» WHAT IS BEING ASKED: From the records, pick out and copy each line containing "with".
::::
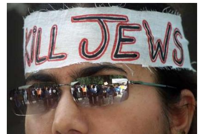
The Agenda of Israel's Neighbors

“We call them the Palestinians, in spite of the fact that up until 1948 no such ethnic label ever existed.”
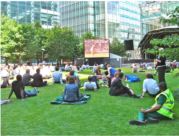
Fig. 16 Canada Square, London—is heavily used throughout the year for large-scale events and for everyday relaxation and social engagement. A big screen is a popular lunch time and after work entertainment for the workers of Canary Wharf

observational work revealed that movement in public space predominantly flows along dominant movement corridors or ‘desire lines’ passing right through spaces, and from movement corridors to the active uses on a space and vice versa. In the majority of spaces that are well integrated into the movement network, only a small proportion of users will actually stop within and engage directly with the space itself whilst the majority will pass straight through. Nevertheless, high levels of through movement will generally stimulate high levels of activity on the space, with the highest density of such activities (and social encounters) typically occurring in the gaps between the dominant lines of movement and being drawn to and around key amenities and features (Fig. 17).
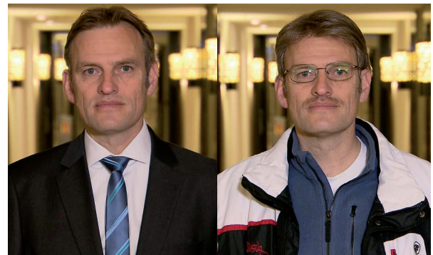
► before and after

In day centre for the elderly in Ahrensburg near Hamburg, he enthusiastically took part in the bingo games and group exercises. The next day brought another new task – helping prepare dinner for 150 hungry people in Schleswig by cutting giant cabbages in half and serving
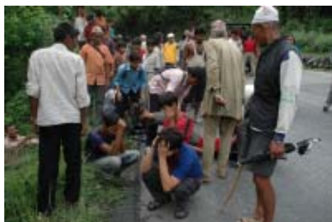
Students and public during road accident simulations in Dhading highway

UMN's Dhading Cluster Team has made good progress with government and community stakeholders and partners in improving the district's disaster management situation. One of its main partners is Committed Society for Change in Nepal (COSOC).
::::
» RESULT OF THE EXERCISE:
observational work revealed that movement in public space predominantly flows along dominant movement corridors or ‘desire lines’ passing right through spaces, and from movement corridors to the active uses on a space and vice versa. In the majority of spaces that are well integrated into the movement network, only a small proportion of users will actually stop within and engage directly with the space itself whilst the majority will pass straight through. Nevertheless, high levels of through movement will generally stimulate high levels of activity on the space, with the highest density of such activities (and social encounters) typically occurring in the gaps between the dominant lines of movement and being drawn to and around key amenities and features (Fig. 17).
UMN's Dhading Cluster Team has made good progress with government and community stakeholders and partners in improving the district's disaster management situation. One of its main partners is Committed Society for Change in Nepal (COSOC).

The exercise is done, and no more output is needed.